Chinese investors don't need foreign gurus to remind them of the clouded economic outlook. The much-reported problems besetting the many factories in the manufacturing centers, such as Wenzhou and some other locations in the industrial heartland of the Yangtze River Delta region have made it clear that all is not well with the export sector.

Of China's major export markets, the United States may be showing a slow but definite recovery trend. But Europe appears to be sinking deeper into a recession. Even the German economy is sputtering as it is dragged down by the prolonged slump in its neighboring markets, including France, Spain and Italy. Negative growth in Europe in 2013, and possibly in 2014, is widely predicted.

On the domestic front, the overheated property market has been cited by many foreign institutions as a core issue underlining their pessimistic outlook for the Chinese market. They contend that property prices have soared to levels fewer and fewer home buyers can afford. The bursting of the bubble, fuelled by easy bank credit, could unsettle the financial system and wreak havoc on the overall economy.

Such worries are hardly news to seasoned observers of the Chinese economy. In fact, the government has taken numerous monetary and administrative measures to cool the property market. How effective such measures have been is, of course, open to debate. But the potential problems created by an overheated property sector were exposed for all to see.

Foreign investment analysts like to harp on about the large local government debts and the potential piling up of bad loans in banks' books. Such worries are understandable at a time when the economy is expected to grow at a much slower pace than before. Some foreign commentators were merely using these factors to paint a worst-case scenario, which is, of course, preventable.

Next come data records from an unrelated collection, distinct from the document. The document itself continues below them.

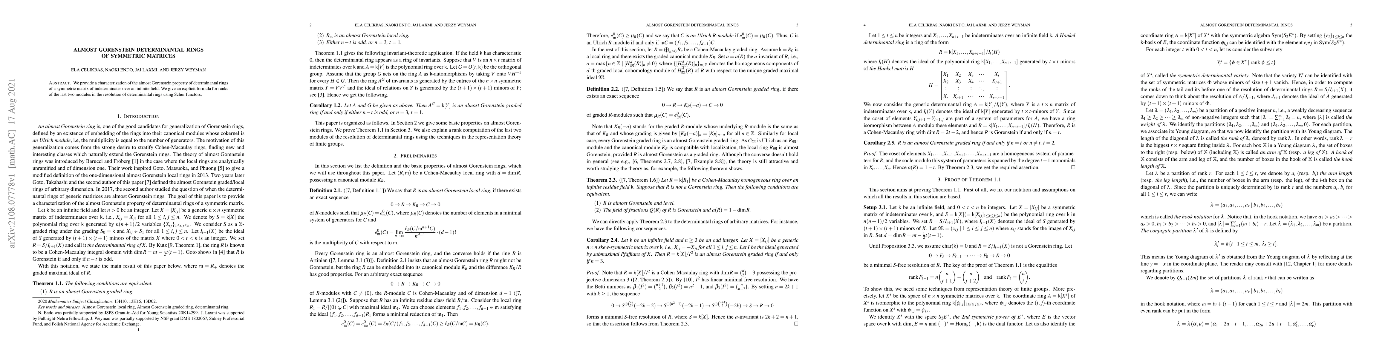 We provide a characterization of the almost Gorenstein property of determinantal rings of a symmetric matrix of indeterminates over an infinite field. We give an explicit formula for ranks of the last two modules in the resolution of determinantal rings using Schur functors.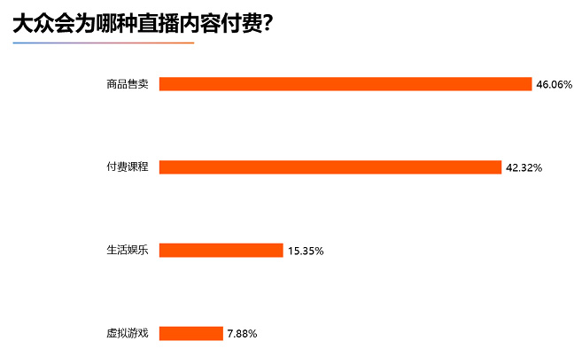 1、四成以上用戶最愿意為商品售賣和直播課程付費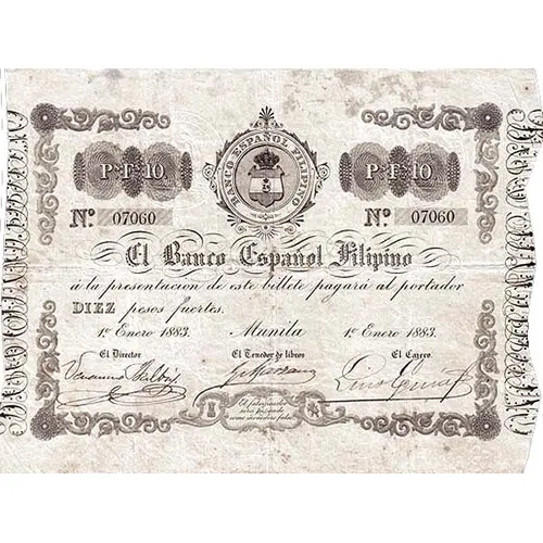 EL BANCO ESPAÑOL FILIPINO á la presentacion de este billete pagará al portador DIEZ PESOS FUERTE MANILA (Translation: The Spanish-Filipino Bank Upon presentation of this bill, will pay the bearer Ten hard pesos) |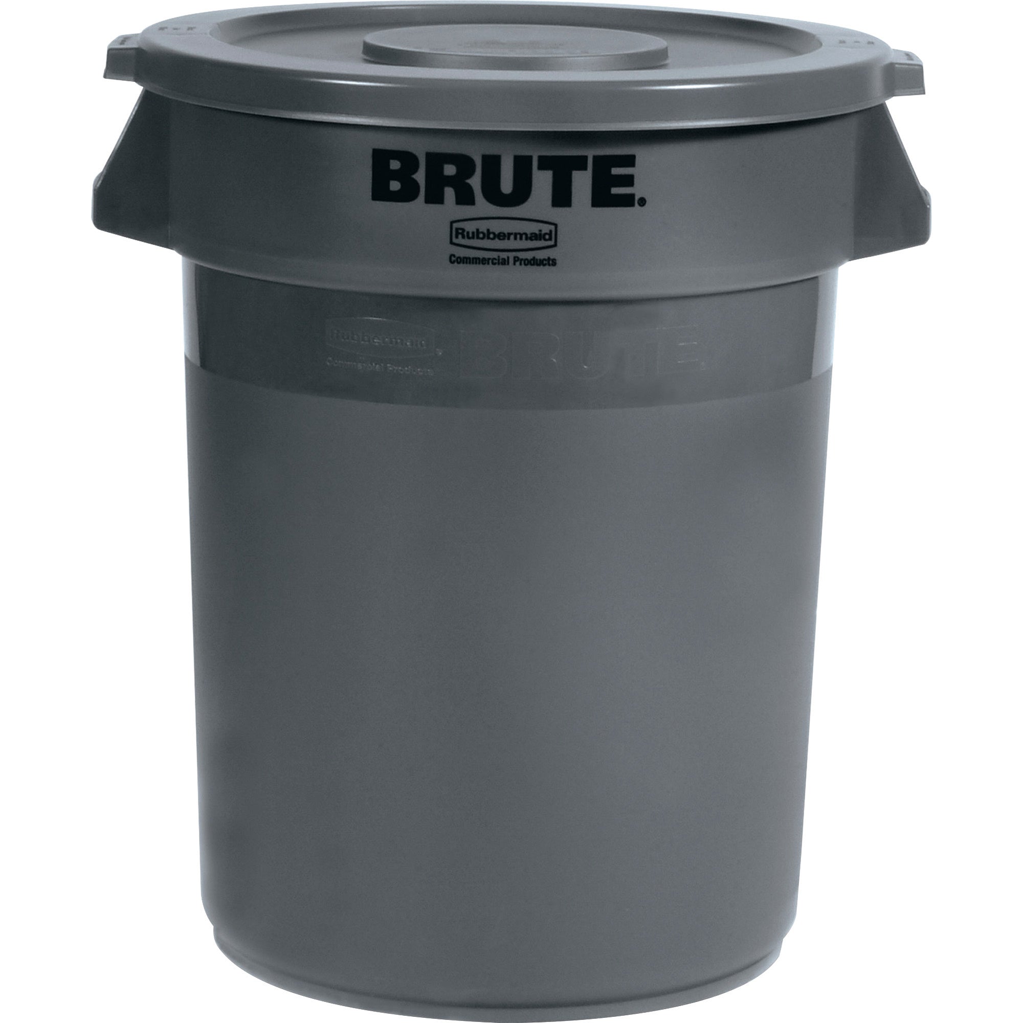 Rubbermaid Commercial Brute 32-Gallon Container Flat Lid - Round - Plastic - 1 Each - Gray

Foreign investors are free to bet their money shorting Chinese stocks in Hong Kong with the available market mechanism for such operations. Many domestic investors seem to hold the same view as they have been selling down the market over the past several months.

The question to ask now is whether the Chinese stork market is oversold. If you think this is bargain-hunting time, go ahead. Don't let the pessimistic talk of the foreign investors cloud your judgment. You are sure to find some undervalued stocks worth buying.